Maybe that's what posters and rock now mean. Perhaps in 1965, when it was easier to think the world could be changed for the better, collective confrontation with history was more palatable than personal retreat. Today's economy is eternally skittish. AIDS, harsher drugs and increased crime have drastically reduced experimentation. It's simply much more dangerous to be young. No one can foresee whether these times will yield a poster market with as much economic or historic resonance as the psychedelic era had for its contemporaries.
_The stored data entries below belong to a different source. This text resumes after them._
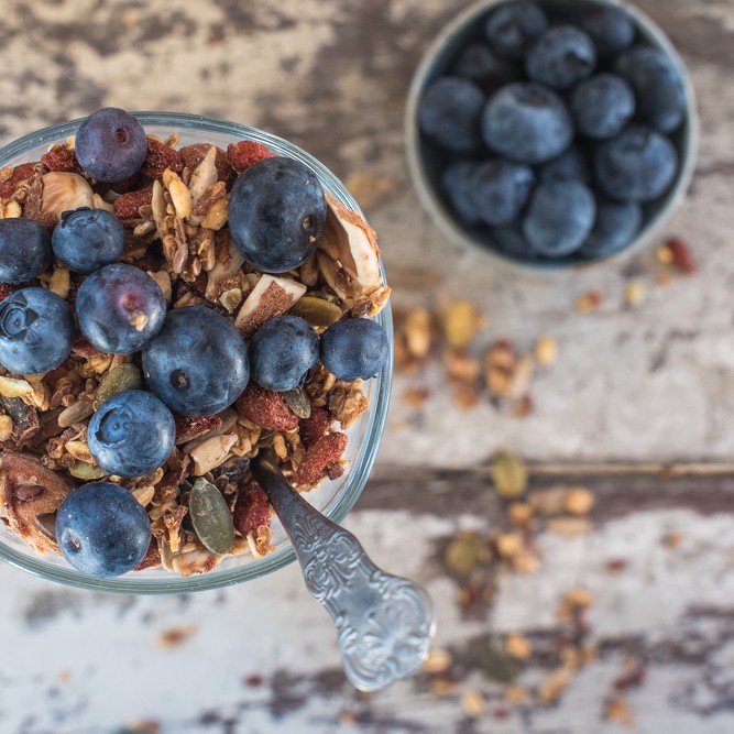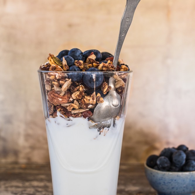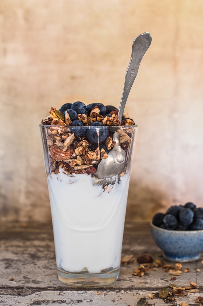 All the facts suggest it's as close to a perfect ingredient as you can get! We particularly love it when it's added into this sweet crunchy homemade granola, mixed with creamy Greek yogurt and topped off with juicy, plump blueberries.
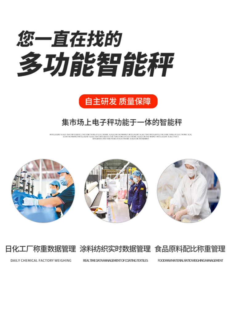 配方精确管理: 在食品、化工、医药等行业,智能秤可存储和调用配方,引导操作员逐步投料,并通过防错报警(上下限报警)确保每种成分的添加量都精确无误,保障产品成分、口感和质量的稳定性。
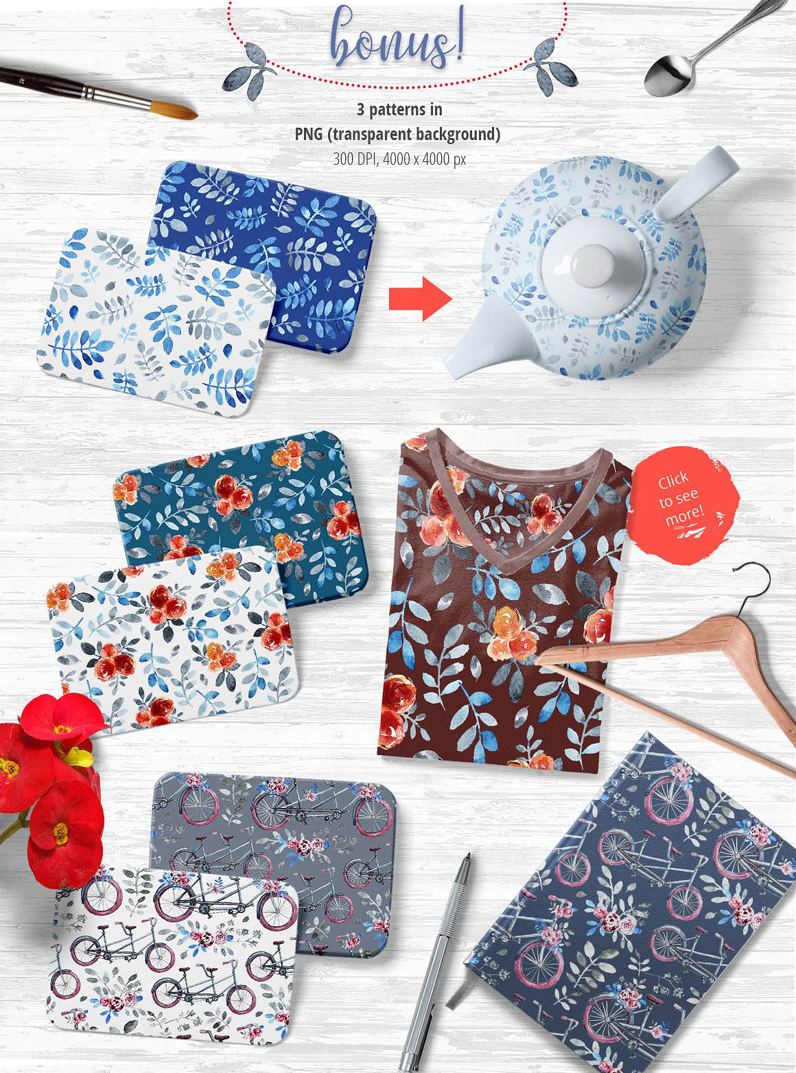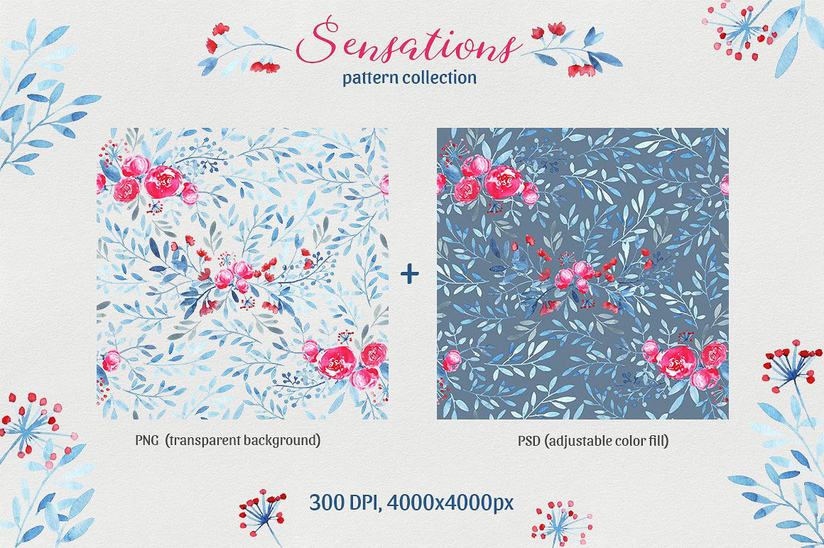 Set includes high resolution seamless patterns in 4000x4000px, 300 DPI:
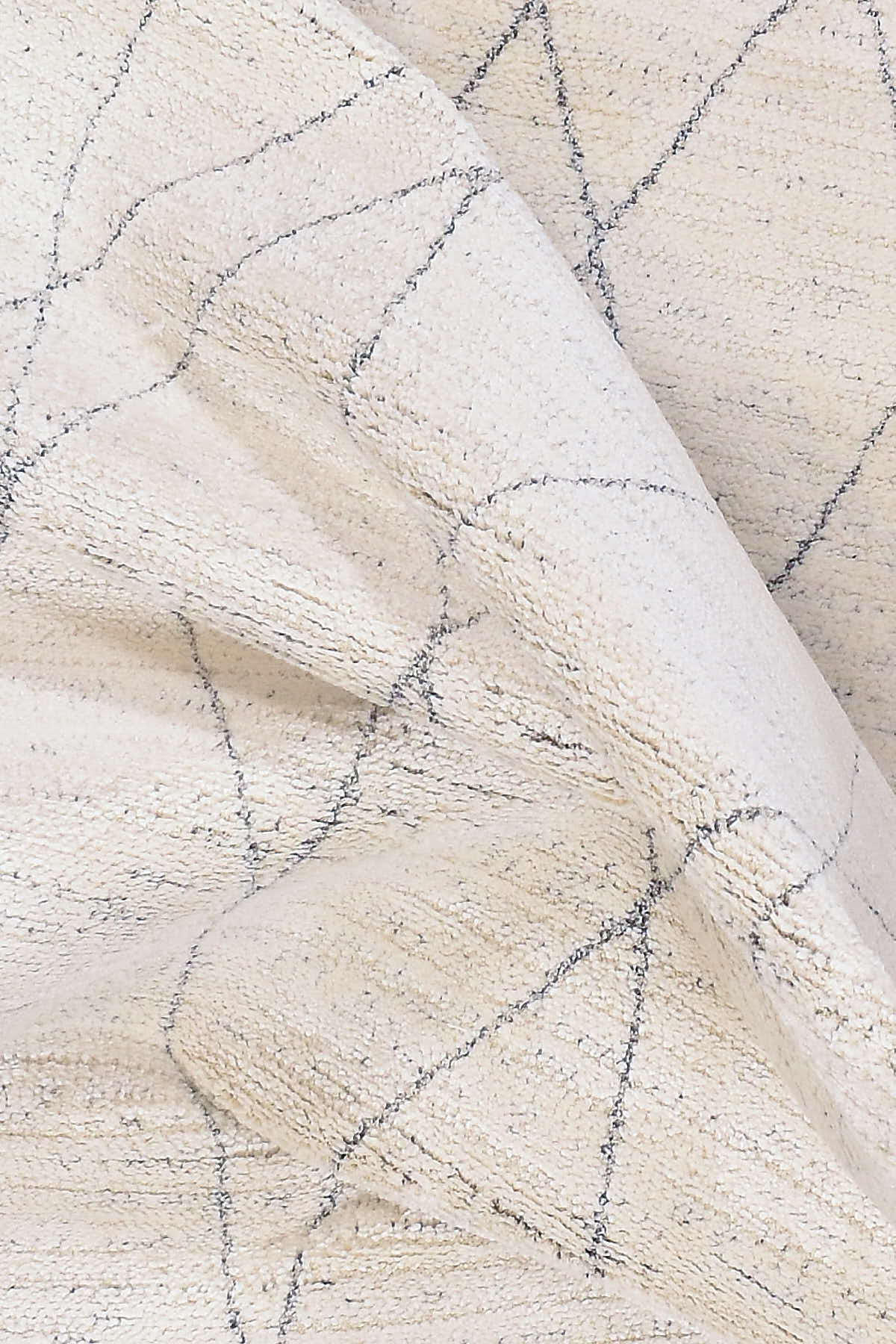 שטיח מושלם לסלון מקולקציית מאטיס החדשה, על בסיס לבן עם דוגמאות אתניות אפורות עדינות

Certainly Kozik and Hess, both of whom are given more to ironic distance than to the psychedelic era's headfirst immersion, would downplay any such ambition. But maybe these two artists are only protecting themselves from the very emotional tug of the music they're promoting. No matter how heatedly an artist may disclaim any apparent message, somewhere in the posters and the music bubbles the promise and unpredictability that made rock and roll so optimistic in the first place. "Spending $400 for the poster is just the beginning," says Manzarek. "Maybe then you'll really go psychedelic."

 

"Now it's dark and I'm alone, but I won't be afraid."
--"In My Room," Beach Boys

Or, maybe, as Grushkin recognized, you'll buy the poster and encounter living proof of the genre's potential for personal and social transformation. In the course of his research, Grushkin hooked up with Judy Bickford, the former owner of what was generally acknowledged as the world's largest collection of Elvis memorabilia. He envisioned encountering "some sort of hip, rocking chick, you know, like Patti Smith." When he arrived, he saw a woman who looked like his mother. But then, when she told him how Elvis had changed her life and that the spirit of rock meant everything to her, Grushkin realized that rock and roll's inherently infectious energy was the core of her passion. Regardless of the artists' advanced techniques, their use of color or any other aesthetic significance, the posters are meant to come alive. They click in perfectly with what Grushkin calls "the dance theater of madness. In seeing that poster as part of your life, you remember your rock and roll roots--your willingness to let go and go with the flow. And maybe, just maybe, you take a less hard and fast view of the world."

Oakland, California-based Joel Drucker writes frequently about popular culture and sports.